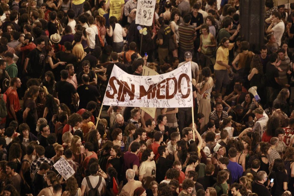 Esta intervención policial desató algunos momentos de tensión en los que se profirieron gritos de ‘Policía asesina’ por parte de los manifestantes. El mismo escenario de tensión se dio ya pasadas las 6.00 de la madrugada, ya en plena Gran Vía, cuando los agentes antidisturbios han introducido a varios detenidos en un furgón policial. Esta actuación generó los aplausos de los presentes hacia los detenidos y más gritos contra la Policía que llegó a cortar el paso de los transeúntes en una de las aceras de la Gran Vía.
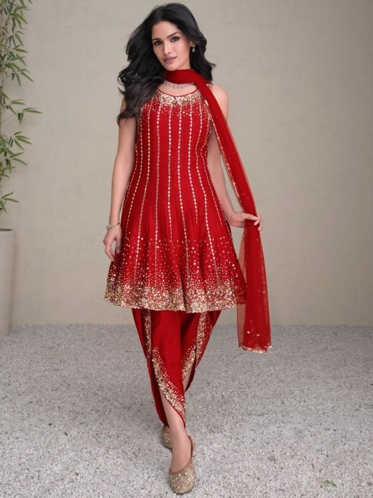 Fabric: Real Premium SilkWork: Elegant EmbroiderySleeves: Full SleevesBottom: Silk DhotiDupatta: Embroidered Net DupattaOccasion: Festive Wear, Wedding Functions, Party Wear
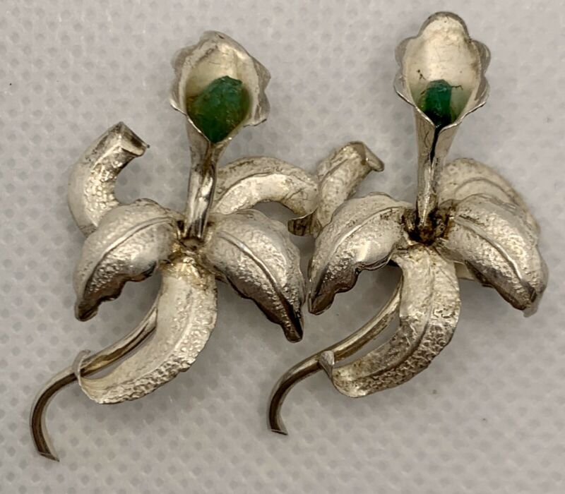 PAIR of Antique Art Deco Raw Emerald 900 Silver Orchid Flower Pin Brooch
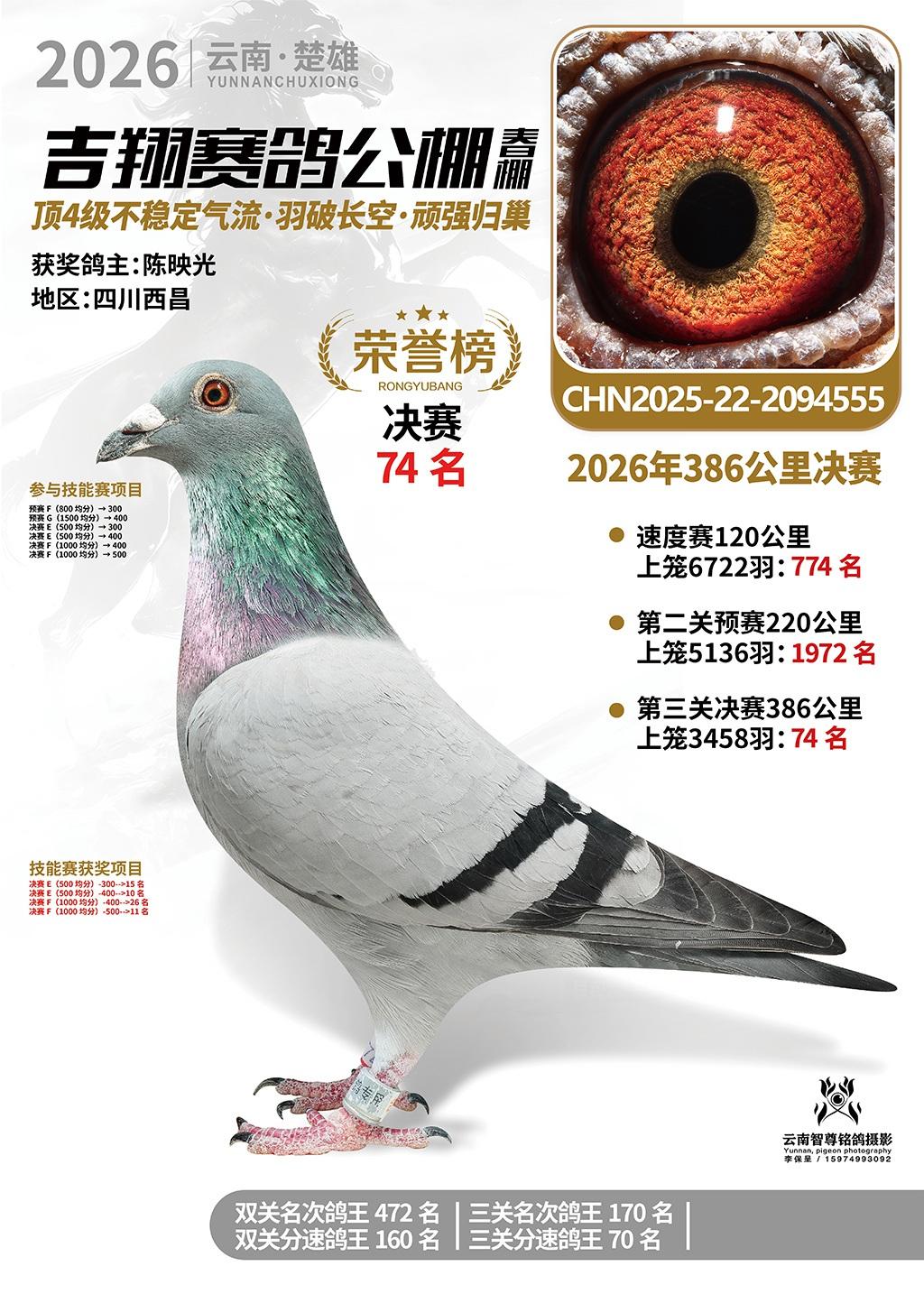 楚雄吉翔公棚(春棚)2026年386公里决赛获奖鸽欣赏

◆ **What is needed**
Give the listing again exactly, but omit each image.

◆ **Solution to the problem**
 Esta intervención policial desató algunos momentos de tensión en los que se profirieron gritos de ‘Policía asesina’ por parte de los manifestantes. El mismo escenario de tensión se dio ya pasadas las 6.00 de la madrugada, ya en plena Gran Vía, cuando los agentes antidisturbios han introducido a varios detenidos en un furgón policial. Esta actuación generó los aplausos de los presentes hacia los detenidos y más gritos contra la Policía que llegó a cortar el paso de los transeúntes en una de las aceras de la Gran Vía.
 Fabric: Real Premium SilkWork: Elegant EmbroiderySleeves: Full SleevesBottom: Silk DhotiDupatta: Embroidered Net DupattaOccasion: Festive Wear, Wedding Functions, Party Wear
 PAIR of Antique Art Deco Raw Emerald 900 Silver Orchid Flower Pin Brooch
 楚雄吉翔公棚(春棚)2026年386公里决赛获奖鸽欣赏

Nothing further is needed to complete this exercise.